Abstract
An extensive literature exists on the nature of the reactions that occur when air comes in contact with crude oil during in-situ combustion (ISC); however the effect of reservoir heterogeneity on the ISC process has not been experimentally addressed in prior studies. This paper presents the results of recent experimental efforts to shed more light on ISC. We probe the effect of pressure, temperature, injection flow-rate, and matrix properties on the combustion of a Middle-Eastern 19.7° API oil in a tight-formation sand. The experimental perspective includes both oil oxidation kinetics and combustion-front dynamics in a 1-m long combustion tube. Most importantly, geological effects on the ISC process are investigated by incorporating various degrees of porous medium heterogeneity in the combustion tube runs. From the experimental data, pre and post burn CT scans of the combustion tube, and postmortem analyses, we deduce the effect of both small and large-scale heterogeneities on the spatial and temporal propagation of the combustion front.
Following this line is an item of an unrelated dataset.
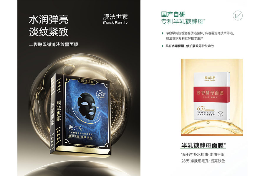 主要產(chǎn)品:膜法世家逆時(shí)空二裂酵母彈潤(rùn)緊致黑面膜、膜法世家逆時(shí)空二裂酵母彈潤(rùn)淡紋黑面膜、膜法世家紫草泥清潔面膜、膜法世家綠豆清潔泥膜(經(jīng)典版)、膜法世家綠豆清潔泥膜(祛痘版)、二裂酵母彈潤(rùn)緊致精華液
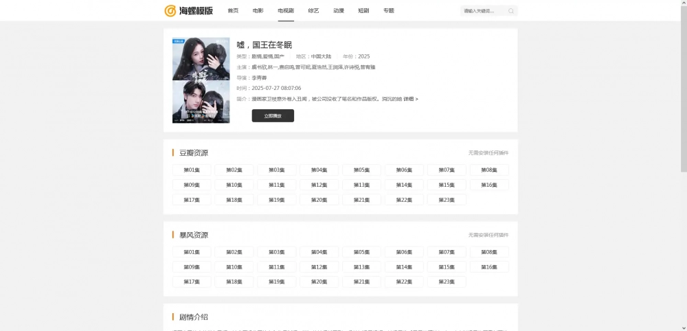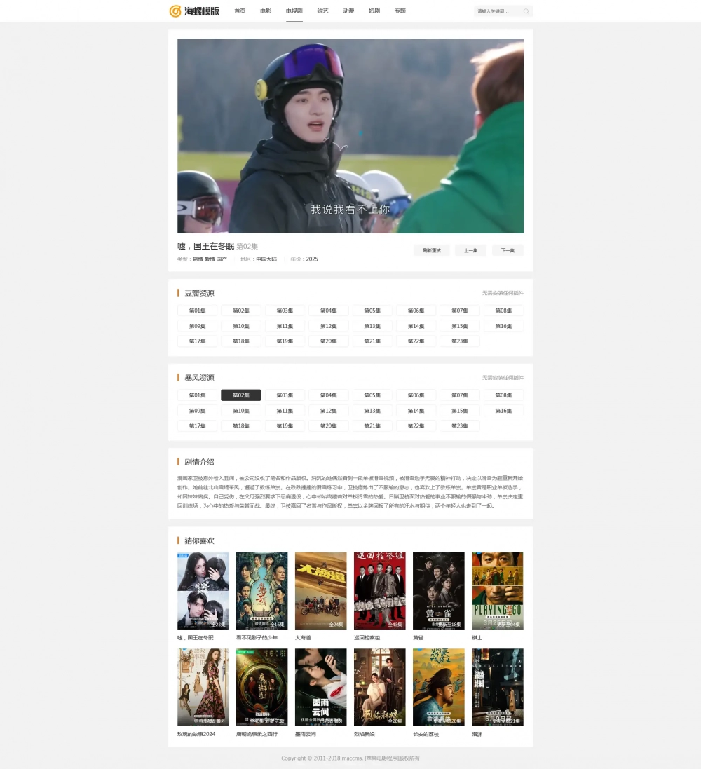 海螺主题模板 - HLMB-043 -(自适应):简洁百度mip自适应视频模板 - 苹果cms V10,适用于电影、电视剧、动漫等多种类型的影视内容展示。

Specifically, kinetic runs show typical ISC behavior consistent with oxidation and good reactivity of the oil-rock system. It was observed that the supply pressure, injection flow-rate, the reservoir matrix and a metallic additive significantly affected the performance of this particular system. Better combustion resulted from greater oxygen partial pressures and by using the reservoir rock as compared to an artificial sand-clay mix. The combustion tube runs indicate that the process of in-situ combustion can be successfully implemented in a reservoir with small-scale heterogeneities (a few inches) and may be challenged by much larger scales (feet).